**TASK BRIEF**:
The copy should hold exactly the lines below from the one that contains "Набор банный Доляна, 5" through the one that contains "SURABAYA, 20  JANUARI" and nothing else, so no pictures.

**DATA SUPPLIED**:
%%

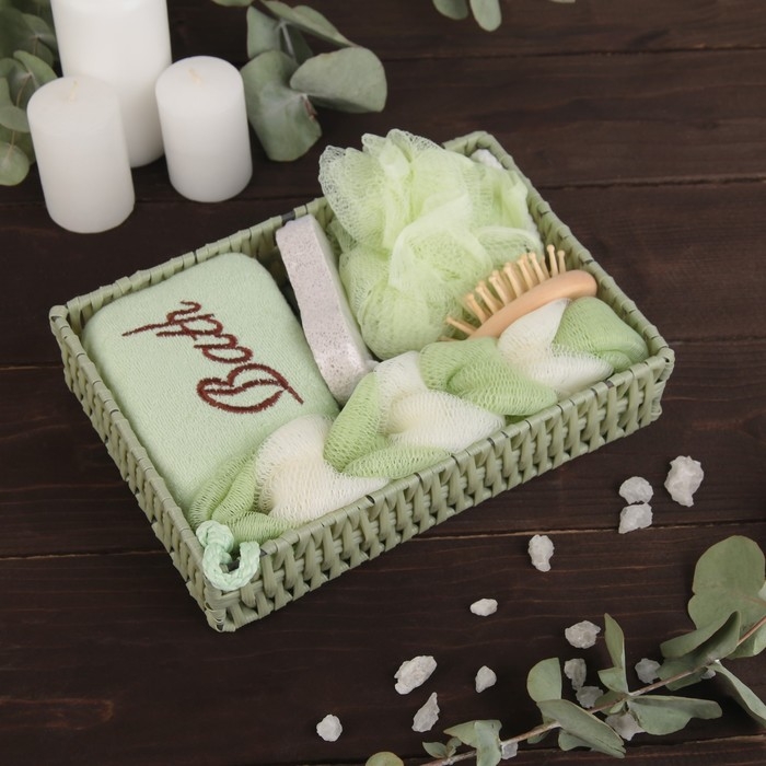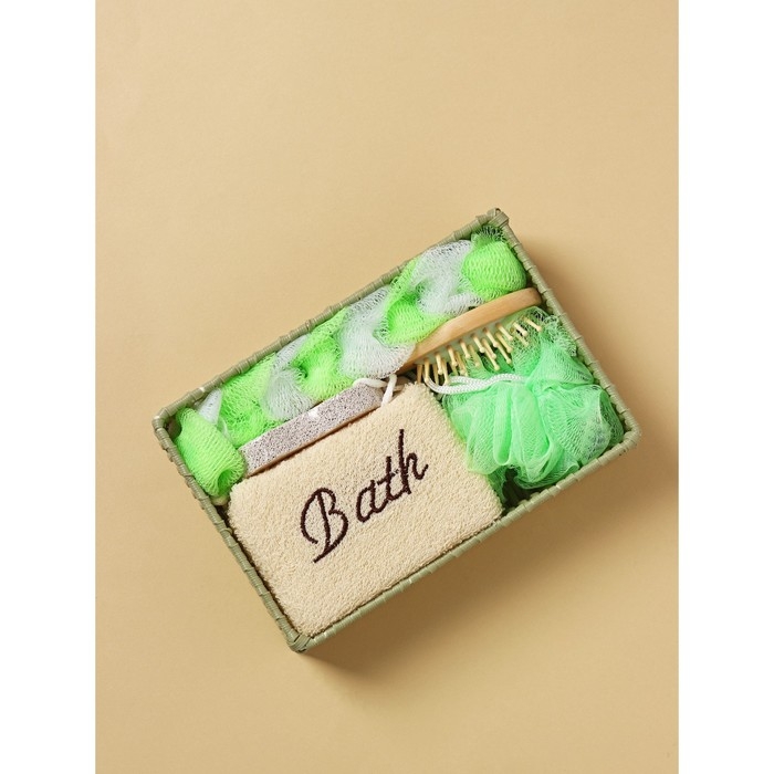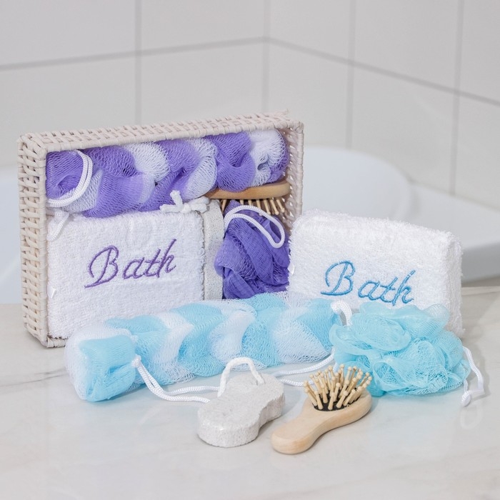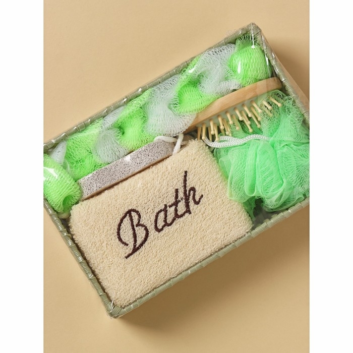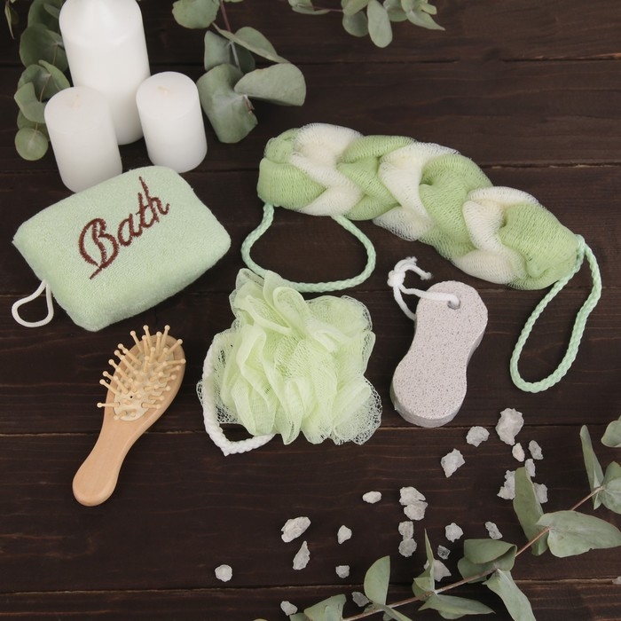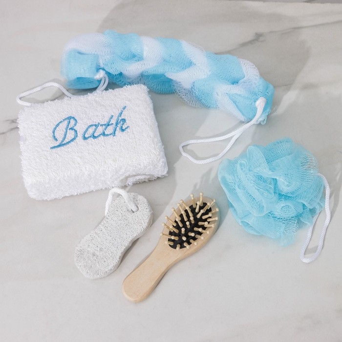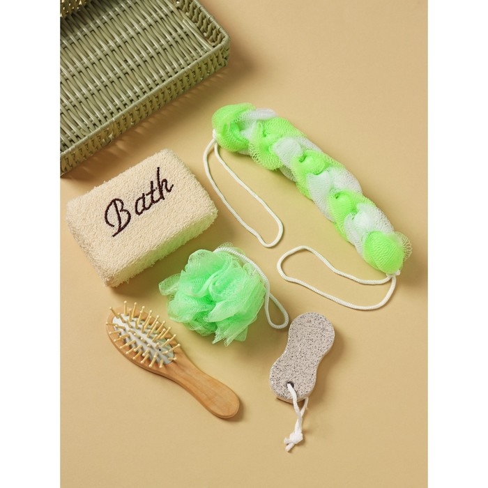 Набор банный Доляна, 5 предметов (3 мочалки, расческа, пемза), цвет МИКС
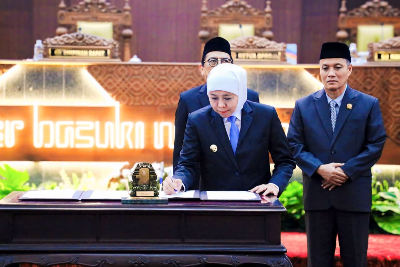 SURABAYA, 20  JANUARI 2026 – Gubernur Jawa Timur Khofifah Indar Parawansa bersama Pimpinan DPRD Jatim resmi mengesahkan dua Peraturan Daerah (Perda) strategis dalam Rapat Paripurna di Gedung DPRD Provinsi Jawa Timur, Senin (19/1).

%%
%%

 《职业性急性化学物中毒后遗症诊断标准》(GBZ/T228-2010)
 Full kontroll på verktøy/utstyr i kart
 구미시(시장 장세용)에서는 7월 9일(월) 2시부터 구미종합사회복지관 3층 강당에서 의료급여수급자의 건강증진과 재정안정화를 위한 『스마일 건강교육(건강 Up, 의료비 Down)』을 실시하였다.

%%
%%

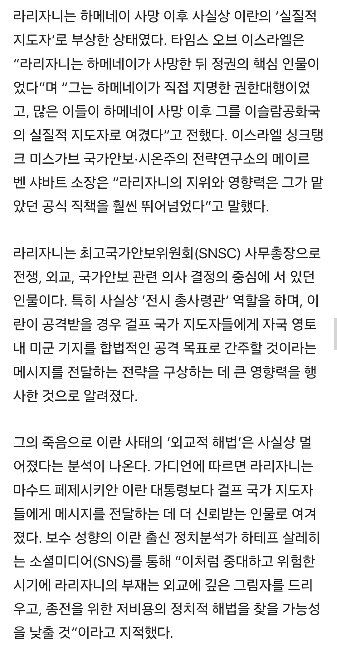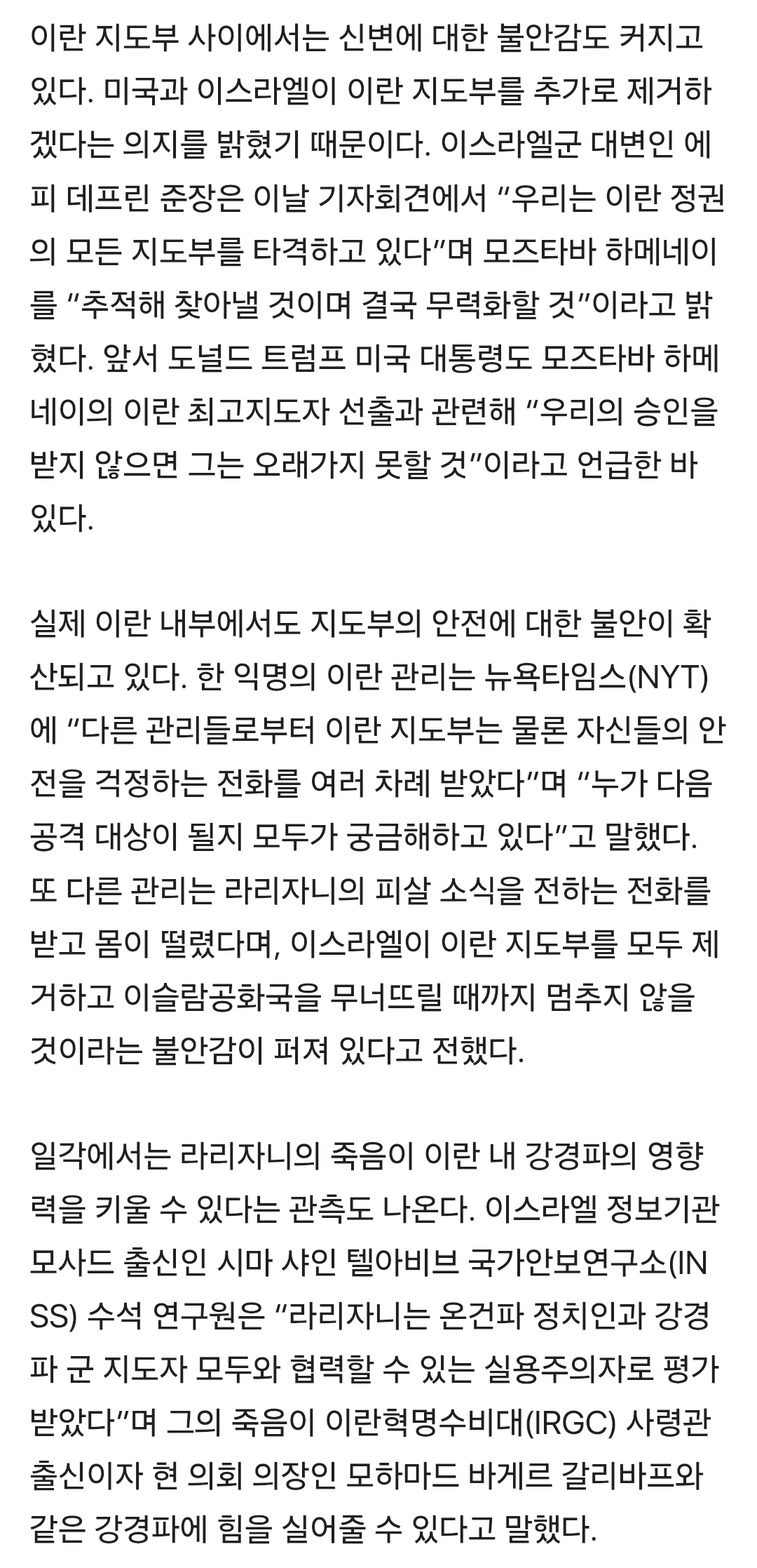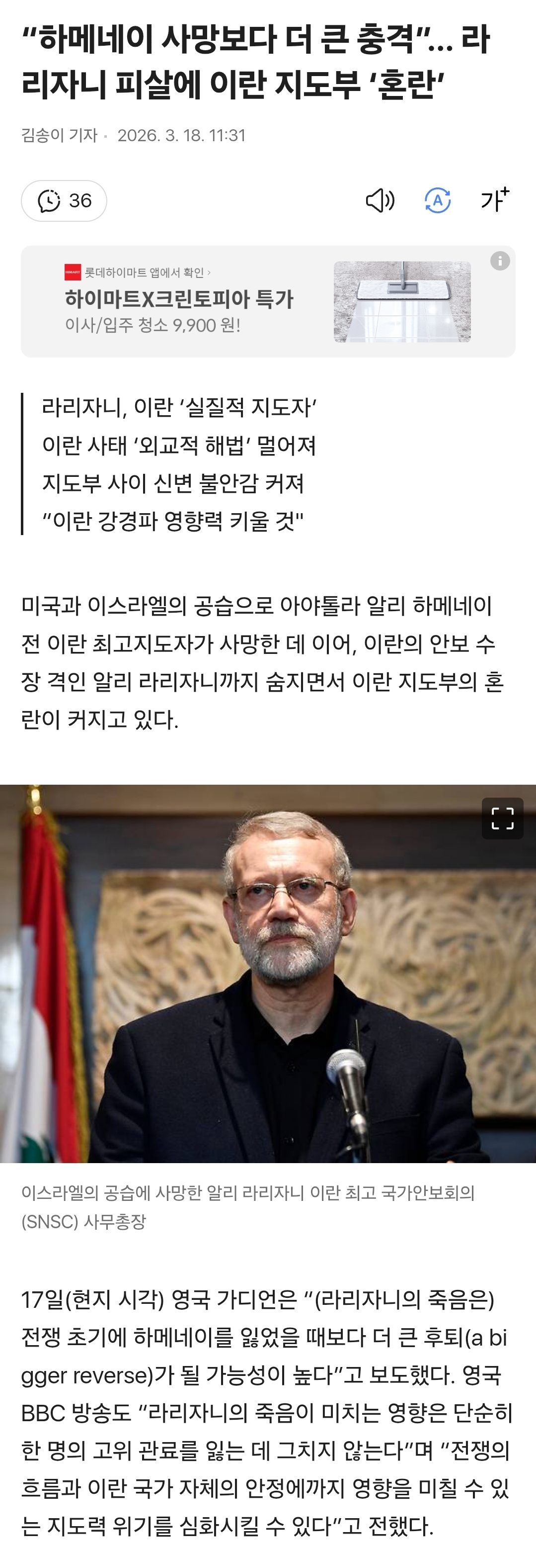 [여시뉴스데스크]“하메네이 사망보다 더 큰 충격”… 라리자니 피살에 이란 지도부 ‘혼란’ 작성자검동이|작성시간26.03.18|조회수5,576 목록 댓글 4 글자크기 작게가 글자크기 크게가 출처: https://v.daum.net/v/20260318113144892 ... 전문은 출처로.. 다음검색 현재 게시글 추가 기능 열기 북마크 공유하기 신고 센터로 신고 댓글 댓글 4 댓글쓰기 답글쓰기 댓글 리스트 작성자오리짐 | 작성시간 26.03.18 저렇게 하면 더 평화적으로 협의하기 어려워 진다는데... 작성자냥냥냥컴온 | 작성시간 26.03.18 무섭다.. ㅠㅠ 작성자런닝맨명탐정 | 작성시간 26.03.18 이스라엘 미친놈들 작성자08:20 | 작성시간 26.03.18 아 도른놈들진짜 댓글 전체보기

%%

**SOLUTION TO THIS PROBLEM**:
 Набор банный Доляна, 5 предметов (3 мочалки, расческа, пемза), цвет МИКС
 SURABAYA, 20  JANUARI 2026 – Gubernur Jawa Timur Khofifah Indar Parawansa bersama Pimpinan DPRD Jatim resmi mengesahkan dua Peraturan Daerah (Perda) strategis dalam Rapat Paripurna di Gedung DPRD Provinsi Jawa Timur, Senin (19/1).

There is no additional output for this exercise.